EXERCISE PROMPT –
Among the records below, find the line with "Este miércoles por" and the line with "孙道胜介绍了学校基本情况并为". Set down both and every line between, exactly and with no pictures, but nothing else.

RECORDS SUPPLIED –
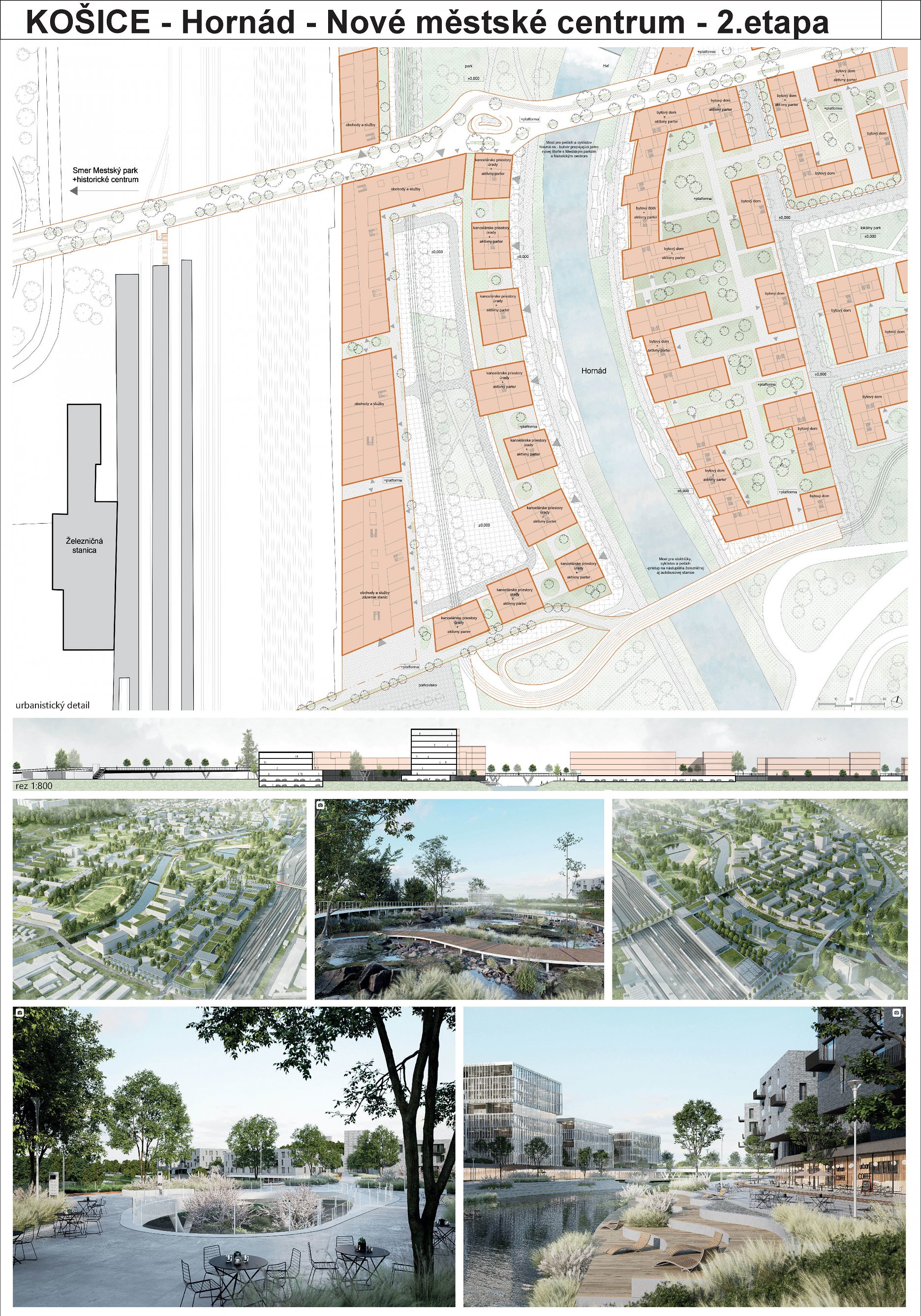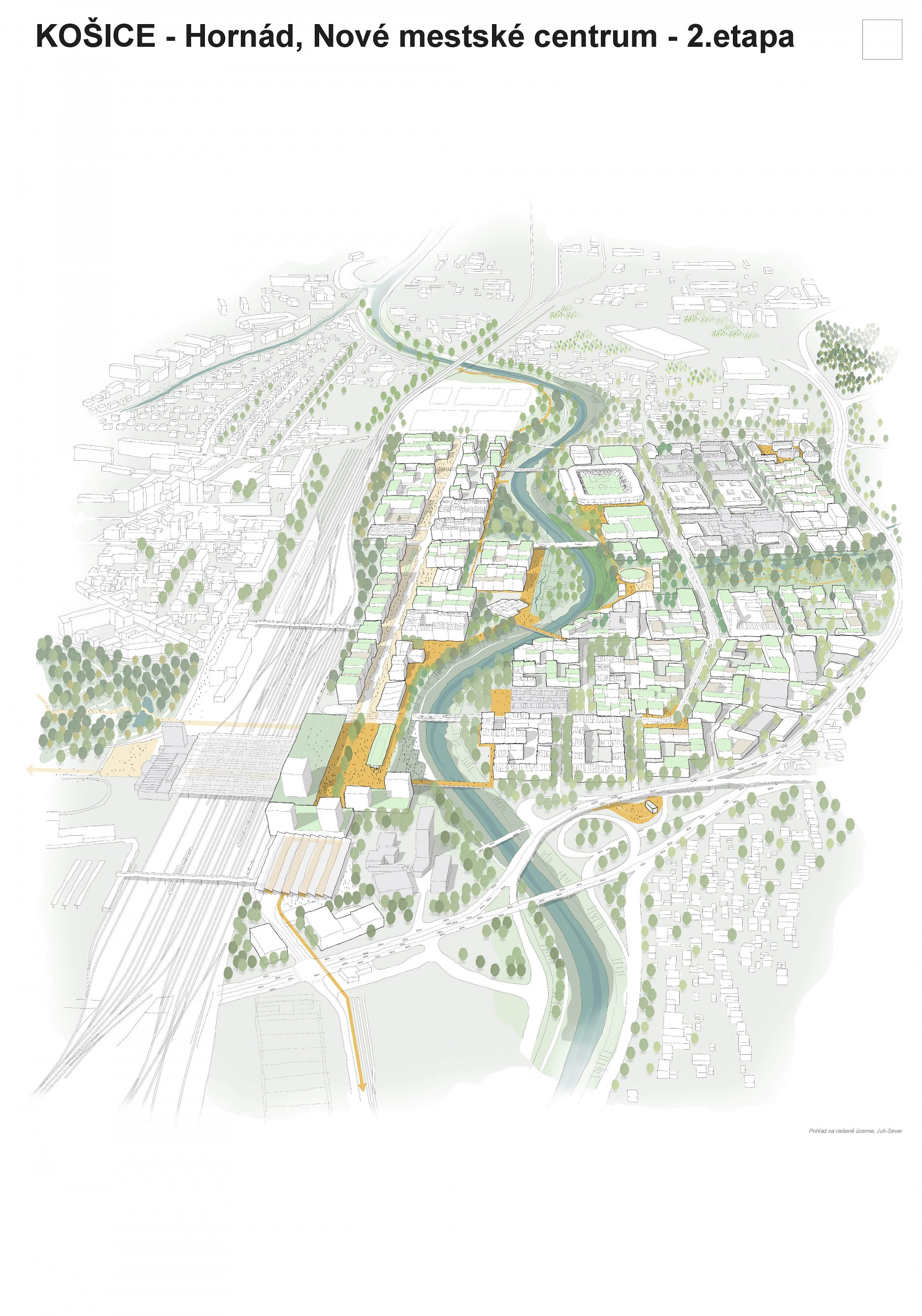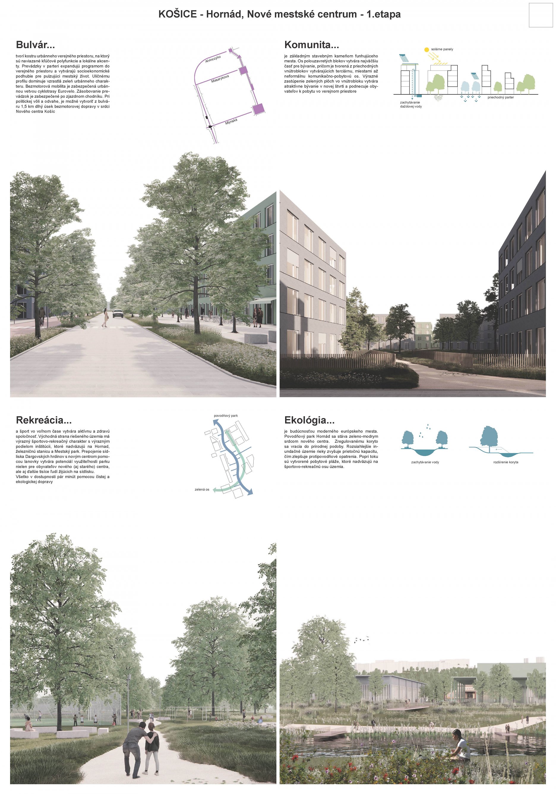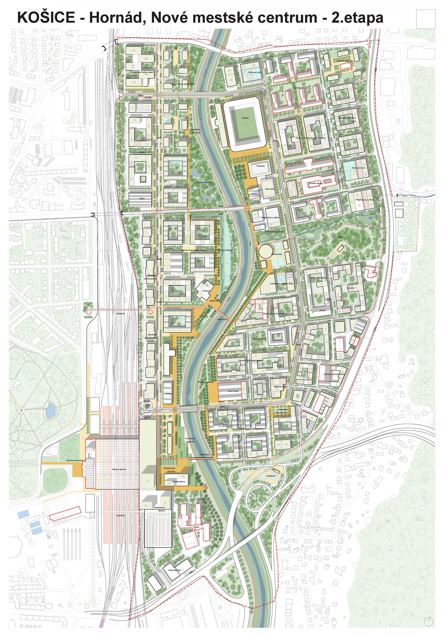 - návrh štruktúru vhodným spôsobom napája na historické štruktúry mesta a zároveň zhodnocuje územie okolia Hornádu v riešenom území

* * *

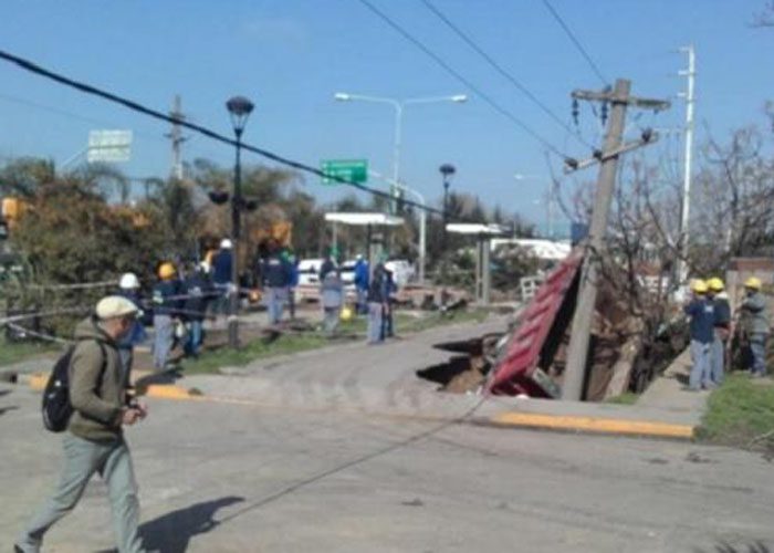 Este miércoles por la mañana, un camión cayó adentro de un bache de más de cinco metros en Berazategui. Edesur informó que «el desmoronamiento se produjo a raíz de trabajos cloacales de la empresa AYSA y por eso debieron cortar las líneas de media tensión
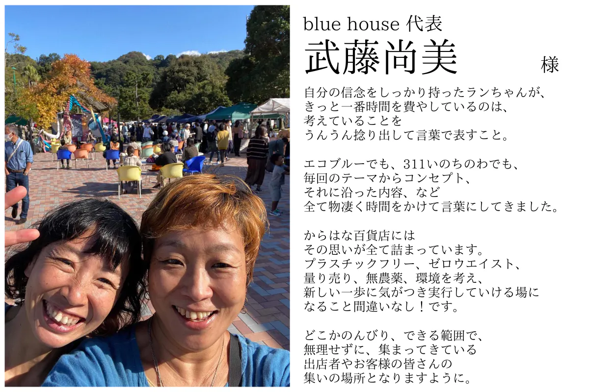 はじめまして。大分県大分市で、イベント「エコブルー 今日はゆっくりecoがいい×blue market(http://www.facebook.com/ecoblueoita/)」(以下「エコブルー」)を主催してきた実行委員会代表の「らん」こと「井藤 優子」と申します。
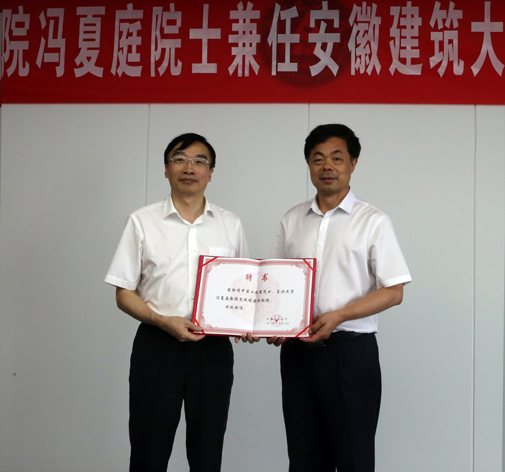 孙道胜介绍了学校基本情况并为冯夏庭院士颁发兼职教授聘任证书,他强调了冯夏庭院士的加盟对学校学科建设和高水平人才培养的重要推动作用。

SOLUTION –
 Este miércoles por la mañana, un camión cayó adentro de un bache de más de cinco metros en Berazategui. Edesur informó que «el desmoronamiento se produjo a raíz de trabajos cloacales de la empresa AYSA y por eso debieron cortar las líneas de media tensión
 はじめまして。大分県大分市で、イベント「エコブルー 今日はゆっくりecoがいい×blue market(http://www.facebook.com/ecoblueoita/)」(以下「エコブルー」)を主催してきた実行委員会代表の「らん」こと「井藤 優子」と申します。
 孙道胜介绍了学校基本情况并为冯夏庭院士颁发兼职教授聘任证书,他强调了冯夏庭院士的加盟对学校学科建设和高水平人才培养的重要推动作用。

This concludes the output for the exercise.